* What you need to do *
Repeat the listing exactly. Pictures stay out of your copy.

---------------

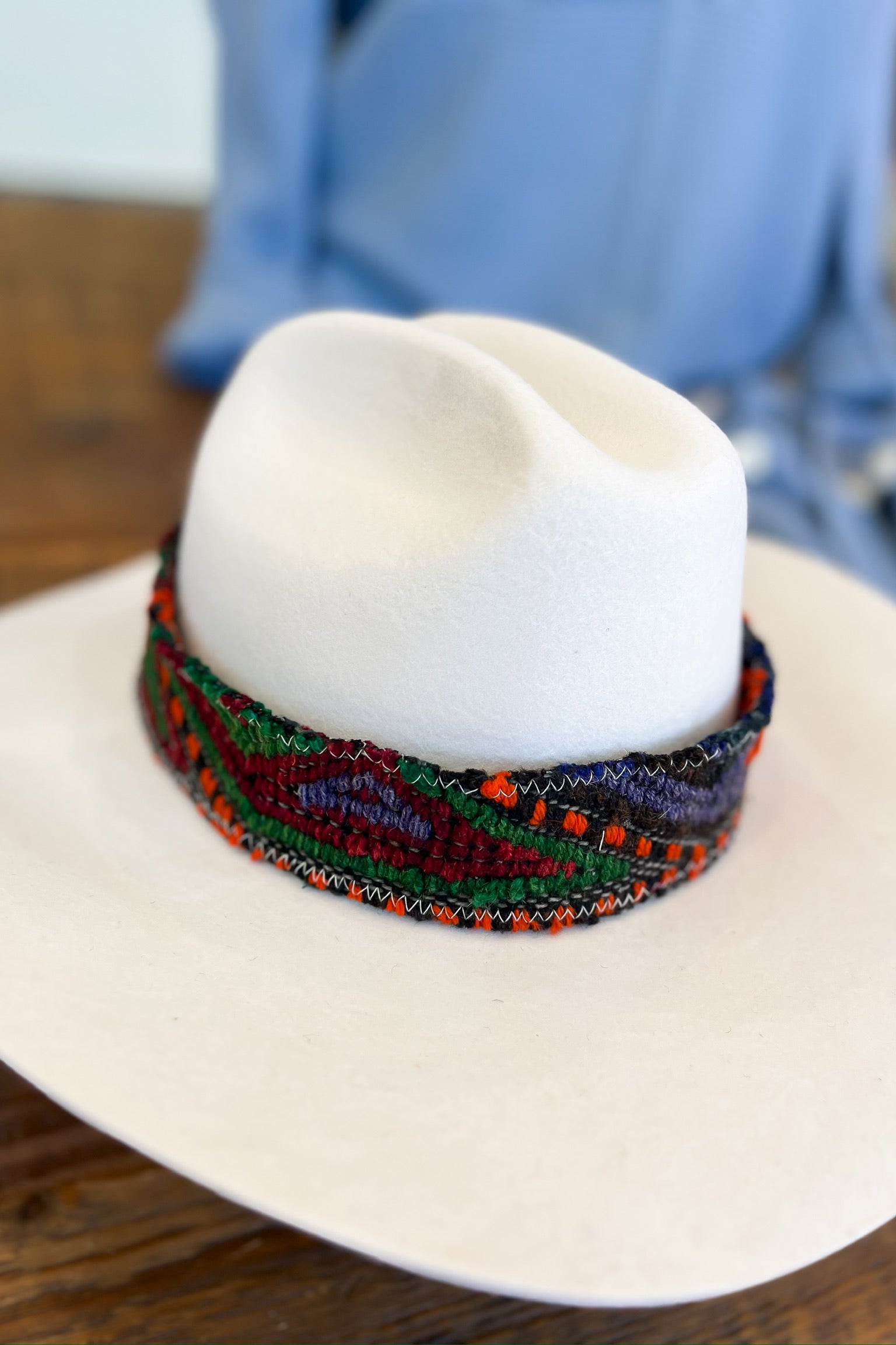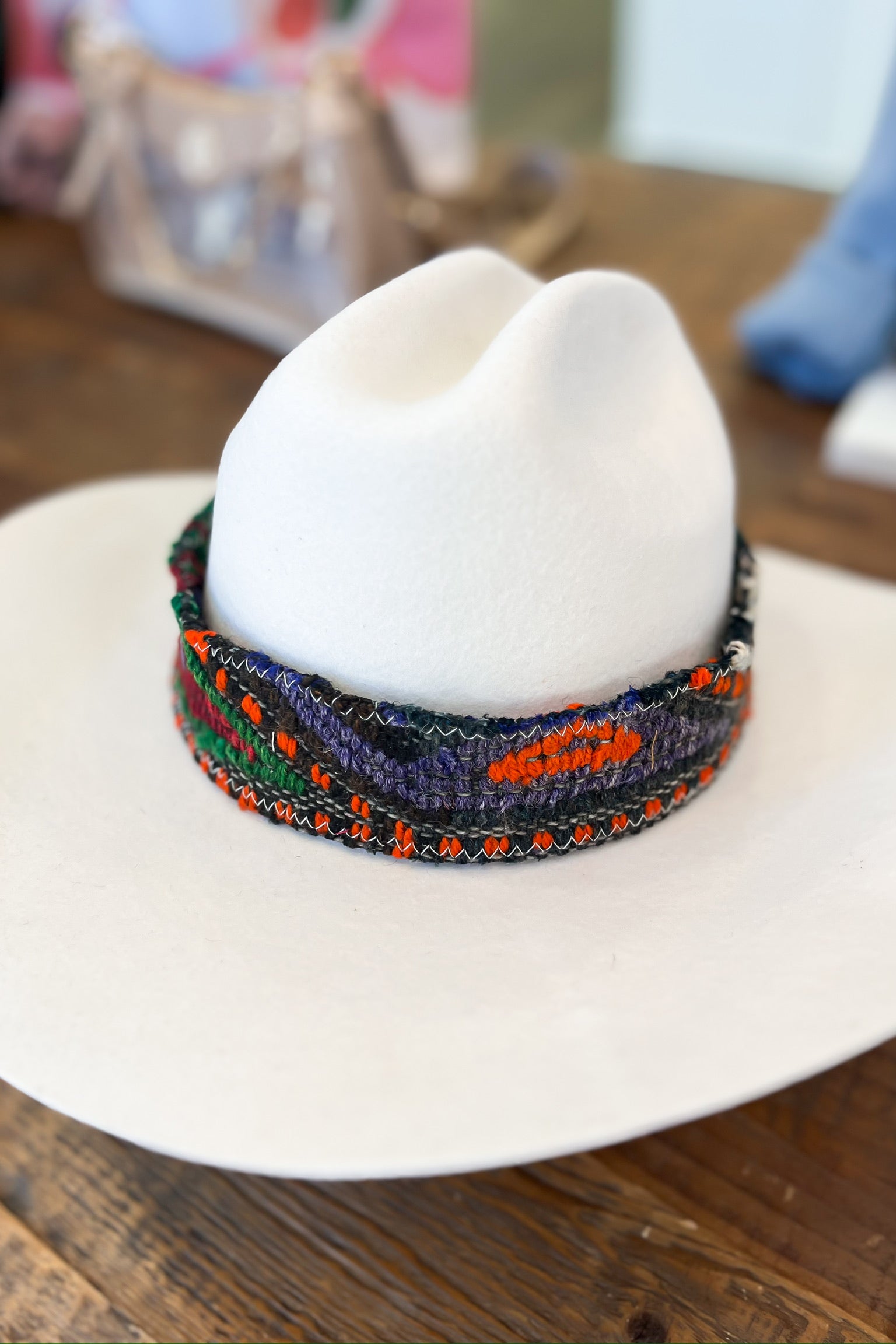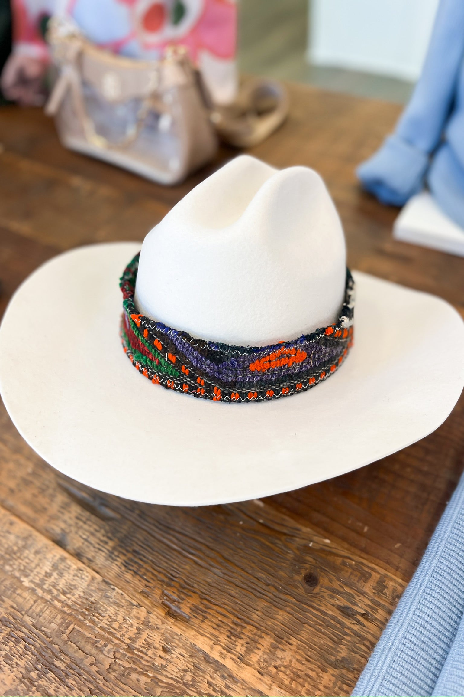 Introducing the PEGGY ORIJINAL WESTERN KILIM BAND HAT - a stylish and unique ivory felt cowboy hat with a one-of-a-kind Turkish rug hat band. Perfect for adding a touch of rustic charm to any outfit. Stand out from the crowd and make a statement with this one-of-a-kind hat.
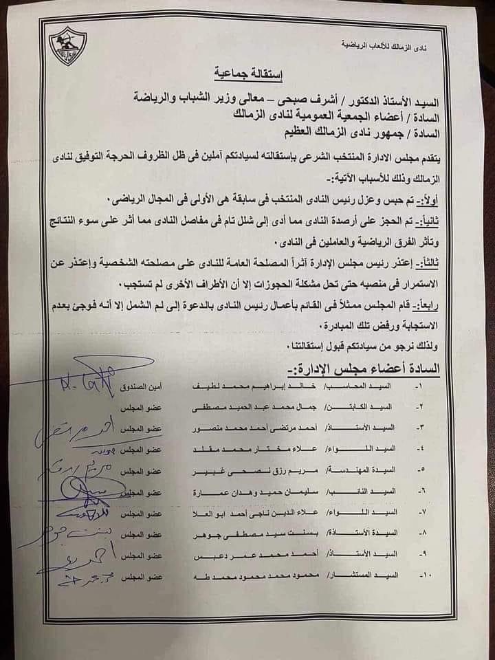 وشهد خطاب الاستقالة الموجه لوزير الرياضة، توقيع جميع أعضاء مجلس إدارة الزمالك، فيما عدا جمال عبد الحميد، دون الكشف الأسباب.
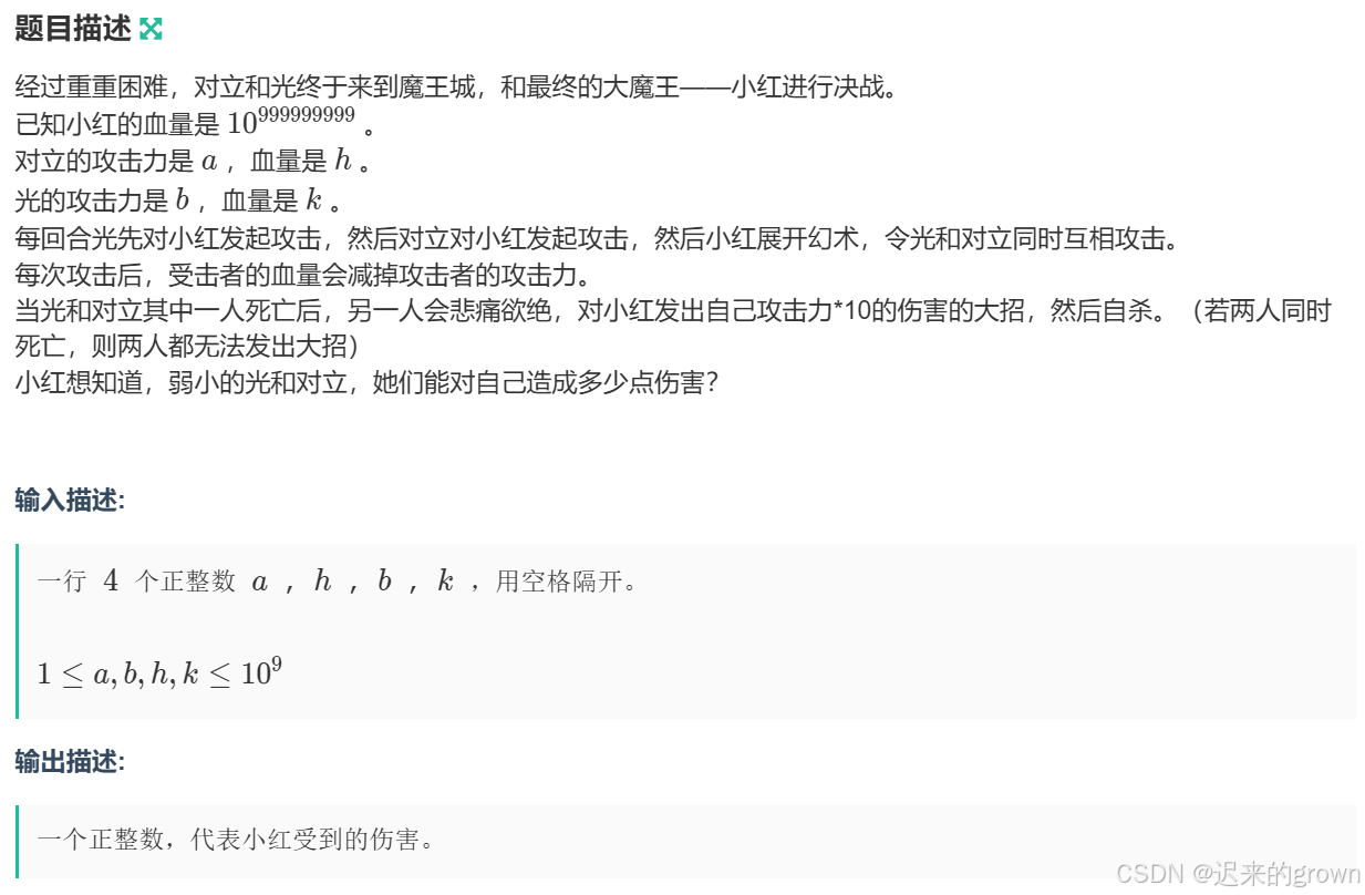 10^999999999,光的攻击是a、血量是h,对立的攻击是b、血量是k; 每一回合光先对小红发起攻击,然后独立再对小红发起攻击,然后小红发动幻术,让光和对立同时相互攻击; 当光和对立其中一个人死亡后,另一个就会悲痛欲绝,然后对小红发动大招,伤害是自身攻击力*10,然后自杀(如果光和对立同时死亡,都无法放出大招)。 最后我们要求出小红受到的伤害
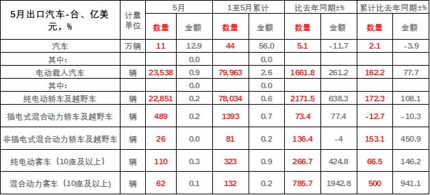 5月,我國出口汽車10.6萬輛,同比增長5.1%。其中,新能源汽車出口2.35萬輛,同比增長1661.8%。崔東樹認為,新能源汽車對車市實現高質量增長具有一定的拉動作用,同時也是國內汽車出口實現正增長的強大動力。
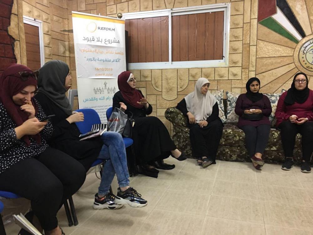 ناقشت المؤسسة الفلسطينية للتمكين والتنمية المحلية REFORM رواية أثلام ملغومة بالورد للكاتبة صابرين فرعون، وسلطت الكاتبة من خلال الرواية اثار العنف الاسري على الاسرة بشكل عام والافراد بشكل خاص ، السلطة الذكورية وممارسته على الافراد، ، اثار انتهاك وسلب الحقوق من الافراد، ودور القضاء في حماية حالات العنف، وذلك بحضور وعدد من النشطاء المجتمعين والشباب ضمن مشروع بلا قيود في نادي الطفل الفلسطيني في مخيم الامعري في مدينة رام الله .
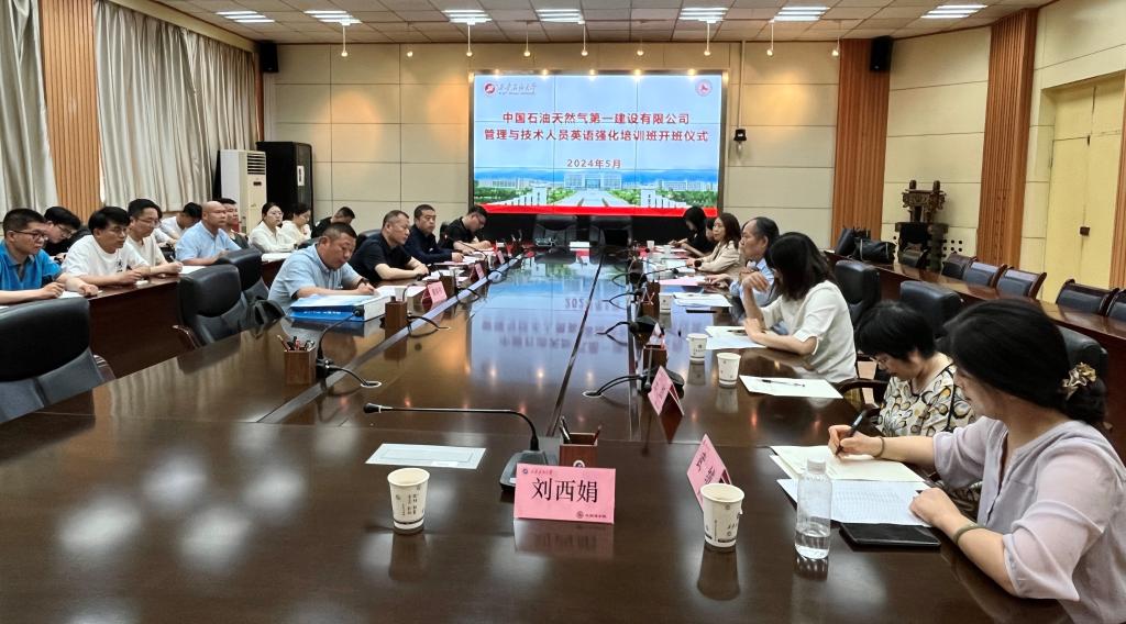 5月17日上午,外國語學(xué)院在雁塔校區(qū)會議中心第二會議室舉行了中國石油天然氣第一建設(shè)有限公司“國際合作工程技術(shù)與管理人員英語強化培訓(xùn)班”開班儀式。中國石油天然氣第一建設(shè)有限公司第五分公司經(jīng)理常曉鋒、總經(jīng)濟師汪洋、學(xué)院黨委書記田虹霞、副院長劉輝、MTI中心主任袁森、部分任課教師及全體培訓(xùn)學(xué)員參加。
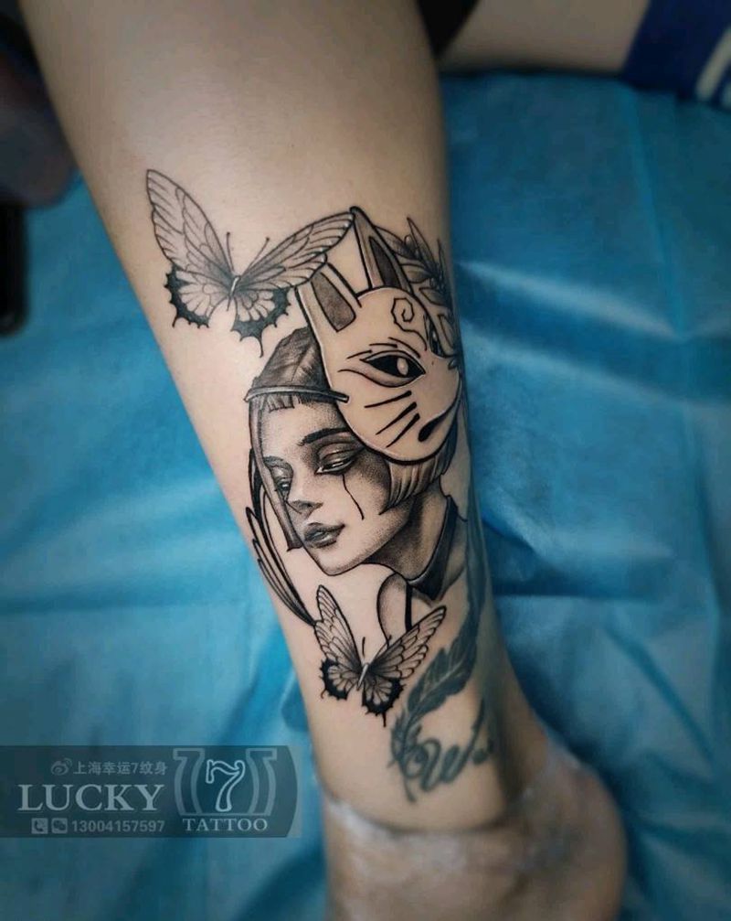 狐面少女|幸运7纹身纹身图片_脚踝纹身图案
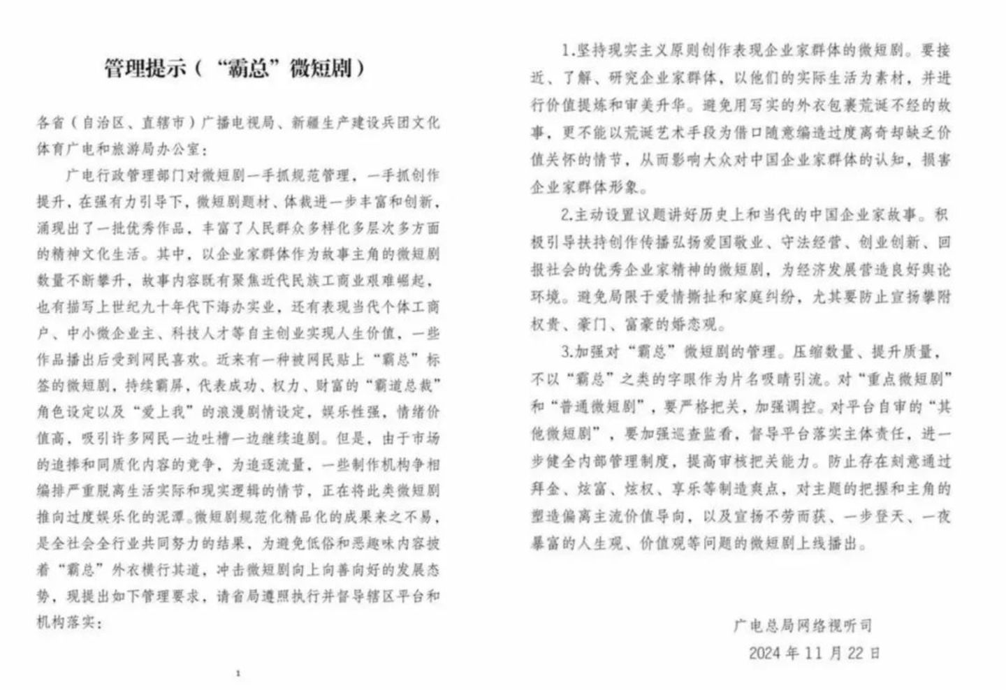 近日,广电总局发布霸总类微短剧管理提示,明确要求平台平台落实主体责任,不以霸总之类的字眼作为片名吸睛引流。同时,广电总局还提出了三个方面的要求:避免用写实的外衣包裹荒诞不经的故事,损害企业家群体形象;主动设置议题讲好中国企业家故事;加强对“霸总”微短剧的管理,压缩数量、提升质量。
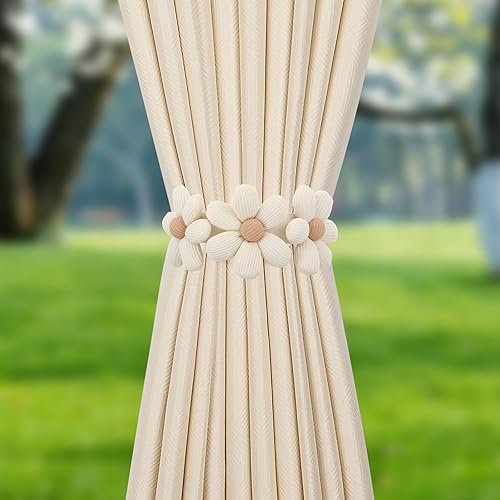 Dimeho Lot de 2 attaches de rideaux en forme de fleur mignonnes - Fermeture solide - Empêche les fuites de lumière - Corde décorative pour chambre à coucher, fenêtre, maison, bureau - Gardez le rideau
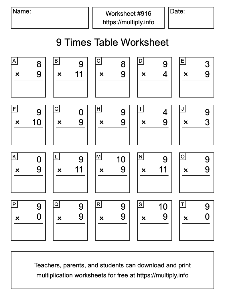 Here is the 9 Times Table Worksheet #916. This worksheet contains problems related to the multiplication table of 9. Print and/or save the worksheet using the buttons below the image. You can also drag or right-click on the image to download it to your device.
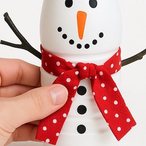 Annoda intorno al “collo” una striscia di stoffa o un nastro colorato. Una sciarpa rossa a pois, come nell’esempio, è perfetta per dare un tocco allegro e invernale.
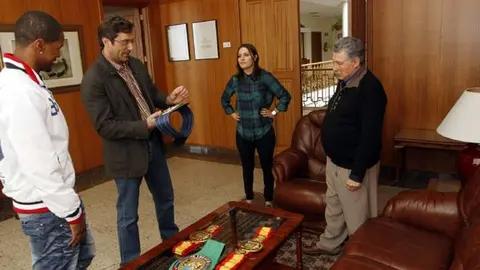 Acompañados por la consejera de Juventud y Deportes, Migdalia Machín, y por su entrenador, Palenque, San Ginés y el púgil lanzaroteño conversaron sobre el combate que venció en París
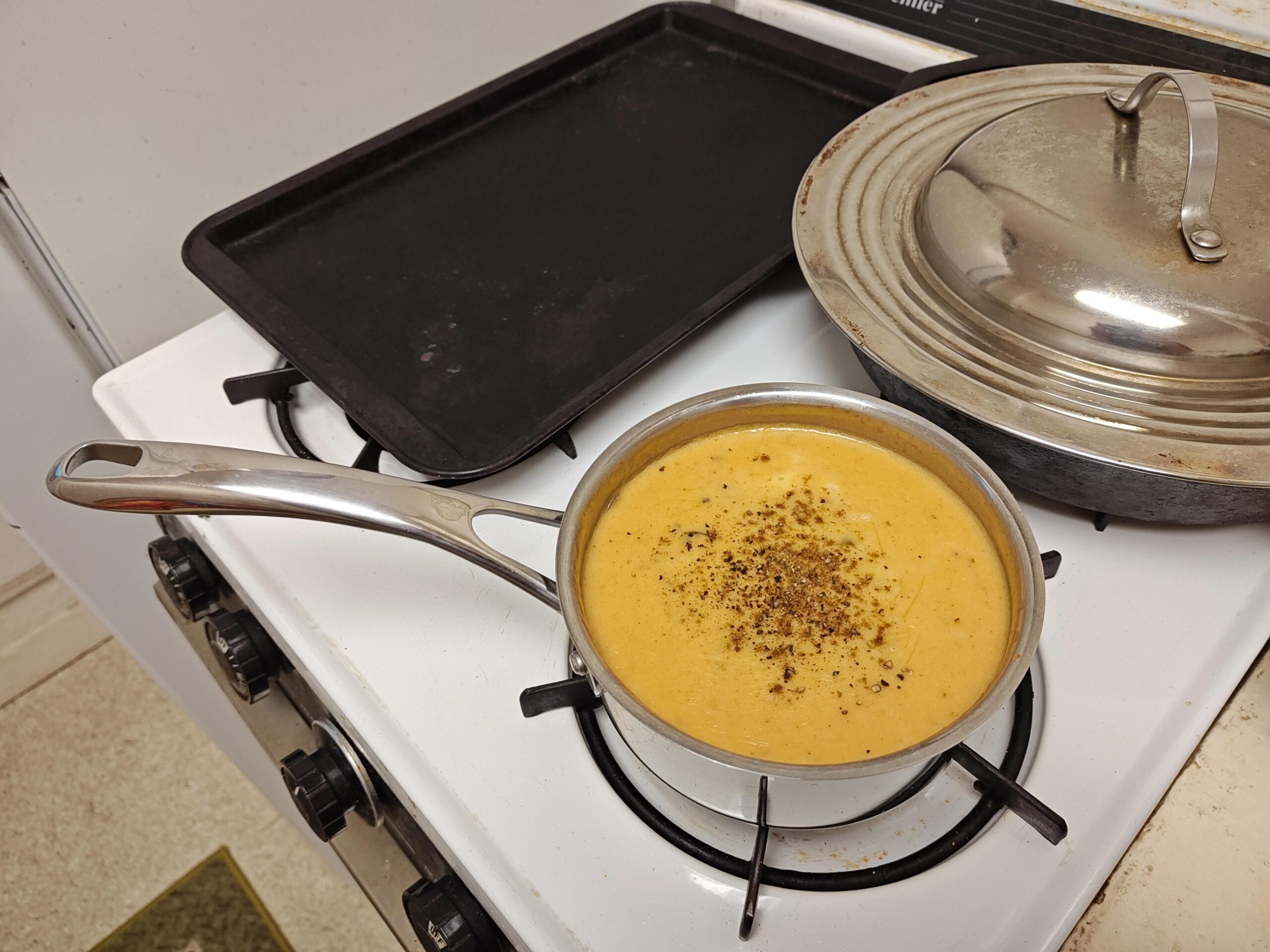 作り方メモ:まずバターと少量のチキンブイヨン・小麦粉でルー(Roux)を作る。

---------------

* Output of the task *
 Introducing the PEGGY ORIJINAL WESTERN KILIM BAND HAT - a stylish and unique ivory felt cowboy hat with a one-of-a-kind Turkish rug hat band. Perfect for adding a touch of rustic charm to any outfit. Stand out from the crowd and make a statement with this one-of-a-kind hat.
 وشهد خطاب الاستقالة الموجه لوزير الرياضة، توقيع جميع أعضاء مجلس إدارة الزمالك، فيما عدا جمال عبد الحميد، دون الكشف الأسباب.
 10^999999999,光的攻击是a、血量是h,对立的攻击是b、血量是k; 每一回合光先对小红发起攻击,然后独立再对小红发起攻击,然后小红发动幻术,让光和对立同时相互攻击; 当光和对立其中一个人死亡后,另一个就会悲痛欲绝,然后对小红发动大招,伤害是自身攻击力*10,然后自杀(如果光和对立同时死亡,都无法放出大招)。 最后我们要求出小红受到的伤害
 5月,我國出口汽車10.6萬輛,同比增長5.1%。其中,新能源汽車出口2.35萬輛,同比增長1661.8%。崔東樹認為,新能源汽車對車市實現高質量增長具有一定的拉動作用,同時也是國內汽車出口實現正增長的強大動力。
 ناقشت المؤسسة الفلسطينية للتمكين والتنمية المحلية REFORM رواية أثلام ملغومة بالورد للكاتبة صابرين فرعون، وسلطت الكاتبة من خلال الرواية اثار العنف الاسري على الاسرة بشكل عام والافراد بشكل خاص ، السلطة الذكورية وممارسته على الافراد، ، اثار انتهاك وسلب الحقوق من الافراد، ودور القضاء في حماية حالات العنف، وذلك بحضور وعدد من النشطاء المجتمعين والشباب ضمن مشروع بلا قيود في نادي الطفل الفلسطيني في مخيم الامعري في مدينة رام الله .
 5月17日上午,外國語學(xué)院在雁塔校區(qū)會議中心第二會議室舉行了中國石油天然氣第一建設(shè)有限公司“國際合作工程技術(shù)與管理人員英語強化培訓(xùn)班”開班儀式。中國石油天然氣第一建設(shè)有限公司第五分公司經(jīng)理常曉鋒、總經(jīng)濟師汪洋、學(xué)院黨委書記田虹霞、副院長劉輝、MTI中心主任袁森、部分任課教師及全體培訓(xùn)學(xué)員參加。
 狐面少女|幸运7纹身纹身图片_脚踝纹身图案
 近日,广电总局发布霸总类微短剧管理提示,明确要求平台平台落实主体责任,不以霸总之类的字眼作为片名吸睛引流。同时,广电总局还提出了三个方面的要求:避免用写实的外衣包裹荒诞不经的故事,损害企业家群体形象;主动设置议题讲好中国企业家故事;加强对“霸总”微短剧的管理,压缩数量、提升质量。
 Dimeho Lot de 2 attaches de rideaux en forme de fleur mignonnes - Fermeture solide - Empêche les fuites de lumière - Corde décorative pour chambre à coucher, fenêtre, maison, bureau - Gardez le rideau
 Here is the 9 Times Table Worksheet #916. This worksheet contains problems related to the multiplication table of 9. Print and/or save the worksheet using the buttons below the image. You can also drag or right-click on the image to download it to your device.
 Annoda intorno al “collo” una striscia di stoffa o un nastro colorato. Una sciarpa rossa a pois, come nell’esempio, è perfetta per dare un tocco allegro e invernale.
 Acompañados por la consejera de Juventud y Deportes, Migdalia Machín, y por su entrenador, Palenque, San Ginés y el púgil lanzaroteño conversaron sobre el combate que venció en París
 作り方メモ:まずバターと少量のチキンブイヨン・小麦粉でルー(Roux)を作る。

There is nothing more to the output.